Thu Mar 18 07:59:49 UTC 2021

Hi,

it looks like there is now a commit on pulp_rpm that uses something named "urlpath_sanitize" instead of urljoin.
This is causing a major clash with this PR: https://github.com/pulp/pulp_rpm/pull/1896 which has replaced a lot of urljoin's with os.path.join.

My problem is that since I am not the original author of this PR (I merely adopted it), I am not sure what the exact background of the switch to "os.path.join" is.
I presume, it was necessary (and perhaps trying to solve the same issue as the "urlpath_sanitize").
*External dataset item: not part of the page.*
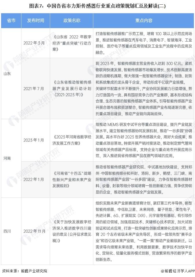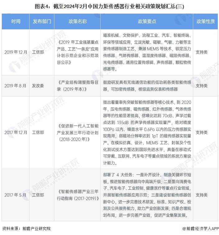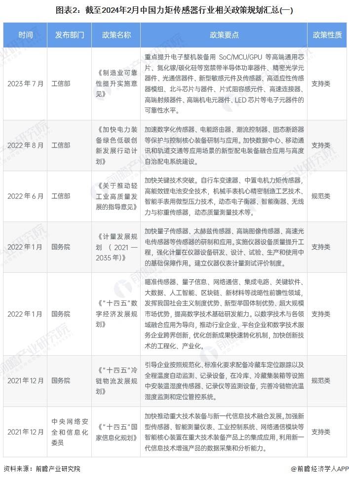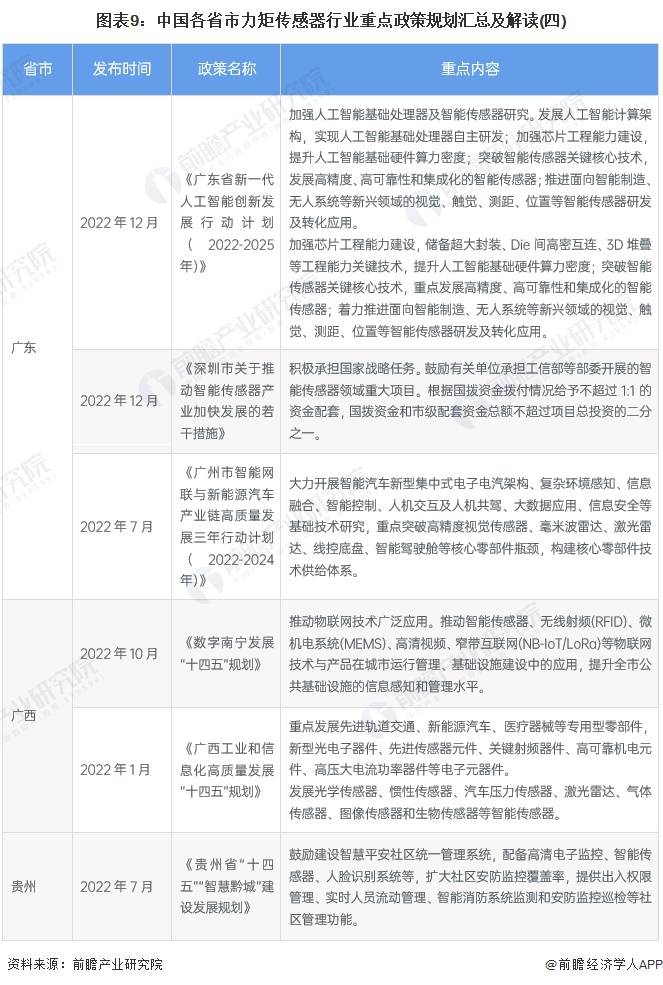 各地政策在傳感器方面發(fā)布的政策較多。盡管針對力矩傳感器的具體政策條文,但是力矩傳感器在高端裝備等領(lǐng)域應(yīng)用更加廣泛,因此各地政策主要鼓勵(lì)企業(yè)加強(qiáng)新型傳感技術(shù)研發(fā),高端、智能傳感器技術(shù)的突破!逗邶埥 笆奈濉睌(shù)字經(jīng)濟(jì)發(fā)展規(guī)劃》中提出推進(jìn)光學(xué)傳感器、慣性傳感器、壓電傳感器、電感傳感器等功能集成與規(guī)模應(yīng)用,實(shí)現(xiàn)智能傳感器一體化生產(chǎn)!稄V西工業(yè)和信息化高質(zhì)量發(fā)展“十四五”規(guī)劃》中提出發(fā)展光學(xué)傳感器、慣性傳感器、汽車壓力傳感器、激光雷達(dá)、氣體傳感器、圖像傳感器和生物傳感器等智能傳感器。

I can of course rebase the path and test it out in either version (using urlpath_sanitize vs os.path.join), but if you have already put some recent thought into the intricacies of urljoin, I would appreciate your input before I do. 😉

Regards,
Quirin (quba42)
________________________________
From: pulp-dev-bounces at redhat.com <pulp-dev-bounces at redhat.com> on behalf of Grant Gainey <ggainey at redhat.com>
Sent: 15 March 2021 20:43
To: Pulp-dev <pulp-dev at redhat.com>
Subject: [Pulp-dev] pulp_rpm and The Pitfalls of urljoin()

Hey folks,

I was looking at https://pulp.plan.io/issues/7995 with an eye to fixing it for 3.12. The underlying problem can be summed up as "urljoin doesn't do what you expect if 'base' doesn't end in a '/'"[0][1]. Using urljoin() as if all it does is "concatenate these two strings with a '/' between them" is a pretty common misuse that works 'most of the time', alas.

Looking around to see if we do this anywhere else, I find that pulp_rpm uses urljoin() in a number of places that I think might be subject to the same unintended problem. However, the semantics of sync'ing RPM repositories is even more nuanced than urljoin()'s is!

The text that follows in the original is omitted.